Copenhagen Infrastructure Partners (CIP) has just hit a significant milestone in Taiwan’s offshore wind sector, securing financial close for the 495MW Fengmiao I project. This isn’t just another project; it’s a testament to the rapid maturation of Taiwan’s offshore wind market and a bold step towards the nation’s energy transition goals. Let’s dive into what this means for the sector.
Fengmiao I, located offshore Taichung, is CIP’s third offshore wind venture in Taiwan, following Changfang & Xidao, and Zhongneng. But it’s not just another project in the pipeline. It’s the first from Taiwan’s Round 3 to reach financial close and commence construction, setting a new benchmark for the region. The project secured site exclusivity and a 500MW grid capacity in Taiwan’s Round 3.1 auction last December, showcasing the government’s commitment to expanding renewable energy infrastructure. The project is expected to complete construction by the end of 2027, adding a significant chunk of clean energy to Taiwan’s grid.
The project’s financing is a complex web of international and local support. A consortium of 27 international and Taiwanese banks has committed T$103bn ($3.1bn) to the project. This isn’t just about the money; it’s about the trust and confidence these institutions have in Taiwan’s offshore wind sector. A portion of the debt will be guaranteed by four export credit agencies (ECAs) and Taiwan’s National Credit Guarantee Administration, further underscoring the project’s viability and the government’s backing.
But what’s truly groundbreaking is the corporate power purchase agreements (PPAs). Fengmiao I has secured long-term PPAs with six large local and international corporates for its entire capacity. This isn’t just about securing revenue; it’s about setting a new precedent for corporate renewable energy procurement in Taiwan. It’s about large energy users taking responsibility for their carbon footprint and driving demand for clean energy. This is a significant shift in the market dynamics and could spur more corporates to follow suit.
CIP partner and head of Asia-Pacific, Thomas Wibe Poulsen, puts it succinctly: “Financial close on Fengmiao I marks a major milestone… This sets a new benchmark for Taiwan’s rapidly maturing offshore wind market under the government’s Energy Transition 2.0 policy.” This isn’t just about one project; it’s about the trajectory of the entire sector.
Moreover, the project’s construction by a consortium of international and local suppliers experienced in Taiwan’s offshore wind sector ensures knowledge transfer and capacity building. Vestas, the turbine supplier for CIP’s existing projects, will provide 33 units of its latest 15MW turbine.

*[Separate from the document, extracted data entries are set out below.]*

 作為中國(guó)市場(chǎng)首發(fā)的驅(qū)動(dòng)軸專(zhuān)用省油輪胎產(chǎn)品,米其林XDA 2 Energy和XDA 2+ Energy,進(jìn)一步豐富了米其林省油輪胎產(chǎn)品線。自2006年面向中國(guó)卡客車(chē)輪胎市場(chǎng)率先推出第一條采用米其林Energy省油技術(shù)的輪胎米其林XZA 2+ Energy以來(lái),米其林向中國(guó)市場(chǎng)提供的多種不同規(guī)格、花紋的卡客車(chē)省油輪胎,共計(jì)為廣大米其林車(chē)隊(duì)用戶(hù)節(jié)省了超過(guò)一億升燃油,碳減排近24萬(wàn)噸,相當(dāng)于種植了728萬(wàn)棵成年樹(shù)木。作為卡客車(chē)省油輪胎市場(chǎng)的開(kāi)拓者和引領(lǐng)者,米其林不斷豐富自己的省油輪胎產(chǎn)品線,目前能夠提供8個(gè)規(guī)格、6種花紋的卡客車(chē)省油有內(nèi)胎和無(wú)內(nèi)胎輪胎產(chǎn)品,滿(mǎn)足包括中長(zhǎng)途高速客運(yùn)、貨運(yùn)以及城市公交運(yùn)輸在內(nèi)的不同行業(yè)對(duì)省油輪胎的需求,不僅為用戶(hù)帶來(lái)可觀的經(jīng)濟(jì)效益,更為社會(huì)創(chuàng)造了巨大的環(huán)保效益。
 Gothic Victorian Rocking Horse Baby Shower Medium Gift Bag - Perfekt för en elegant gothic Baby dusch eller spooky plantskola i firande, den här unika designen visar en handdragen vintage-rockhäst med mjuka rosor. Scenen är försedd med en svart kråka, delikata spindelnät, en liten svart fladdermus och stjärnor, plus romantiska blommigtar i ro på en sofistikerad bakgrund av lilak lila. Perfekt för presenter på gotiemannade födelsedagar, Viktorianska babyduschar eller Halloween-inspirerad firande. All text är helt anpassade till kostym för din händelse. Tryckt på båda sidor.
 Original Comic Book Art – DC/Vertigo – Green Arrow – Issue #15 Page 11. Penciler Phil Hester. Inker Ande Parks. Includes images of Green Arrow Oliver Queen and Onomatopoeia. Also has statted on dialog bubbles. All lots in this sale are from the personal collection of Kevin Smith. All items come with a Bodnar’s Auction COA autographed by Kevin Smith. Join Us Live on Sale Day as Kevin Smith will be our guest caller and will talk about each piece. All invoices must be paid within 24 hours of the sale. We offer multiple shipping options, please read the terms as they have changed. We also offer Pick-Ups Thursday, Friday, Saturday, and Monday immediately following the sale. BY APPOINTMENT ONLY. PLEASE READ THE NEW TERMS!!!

This isn’t just about technology; it’s about innovation and efficiency.
The Fengmiao I project could spark a wave of similar ventures, accelerating Taiwan’s energy transition. It could also attract more international investors, further boosting the sector. But it’s not just about Taiwan. This project could serve as a model for other countries looking to expand their offshore wind capacity. It’s about learning from Taiwan’s experience and adapting it to different contexts.
However, challenges remain. The sector needs to address issues like grid integration, environmental impact, and community engagement. But with projects like Fengmiao I, Taiwan is well on its way to overcoming these hurdles. The future of offshore wind in Taiwan looks bright, and Fengmiao I is a significant step in that direction.